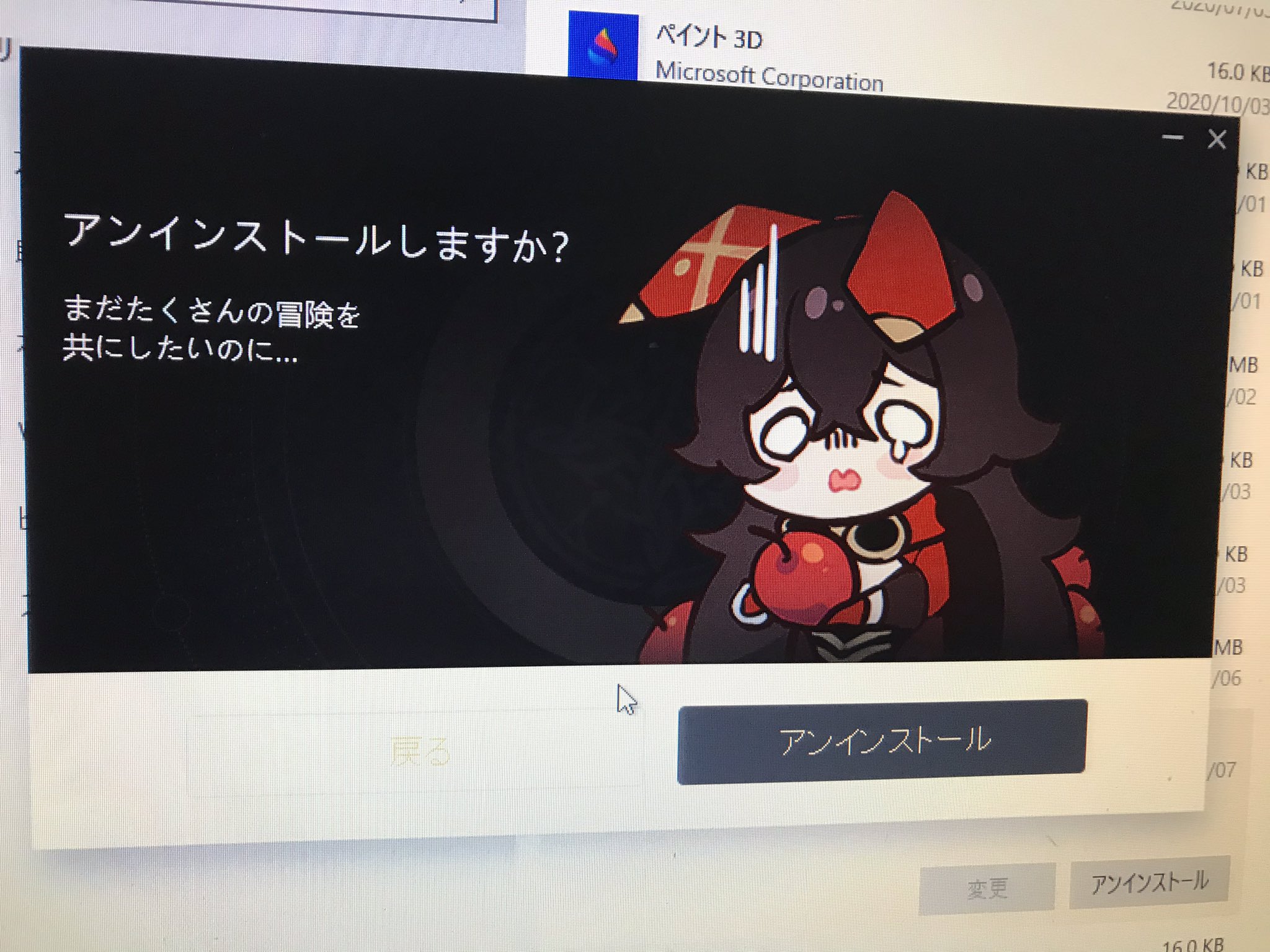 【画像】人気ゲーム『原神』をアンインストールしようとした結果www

* * * * *

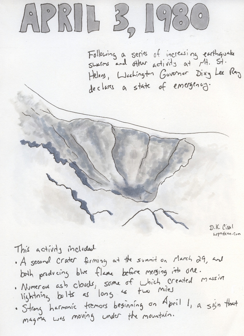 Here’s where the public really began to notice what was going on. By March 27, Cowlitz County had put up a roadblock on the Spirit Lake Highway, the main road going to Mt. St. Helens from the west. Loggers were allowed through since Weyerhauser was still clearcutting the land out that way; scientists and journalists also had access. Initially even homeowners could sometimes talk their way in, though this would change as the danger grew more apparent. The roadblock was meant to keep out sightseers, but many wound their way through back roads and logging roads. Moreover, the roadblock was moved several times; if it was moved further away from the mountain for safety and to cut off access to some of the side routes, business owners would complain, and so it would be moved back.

* * * * *

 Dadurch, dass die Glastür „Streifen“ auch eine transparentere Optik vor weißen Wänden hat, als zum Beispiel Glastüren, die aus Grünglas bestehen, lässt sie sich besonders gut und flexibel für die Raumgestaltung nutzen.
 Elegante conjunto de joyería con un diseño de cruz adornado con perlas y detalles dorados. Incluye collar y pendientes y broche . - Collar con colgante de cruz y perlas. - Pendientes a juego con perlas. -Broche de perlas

* * * * *

> _Task goal_
Extract the lines of the preceding material that run from the line with "Dadurch, dass die" through the line with "Elegante conjunto de", inclusive, reproducing them exactly and adding nothing.

> _Finished task_
 Dadurch, dass die Glastür „Streifen“ auch eine transparentere Optik vor weißen Wänden hat, als zum Beispiel Glastüren, die aus Grünglas bestehen, lässt sie sich besonders gut und flexibel für die Raumgestaltung nutzen.
 Elegante conjunto de joyería con un diseño de cruz adornado con perlas y detalles dorados. Incluye collar y pendientes y broche . - Collar con colgante de cruz y perlas. - Pendientes a juego con perlas. -Broche de perlas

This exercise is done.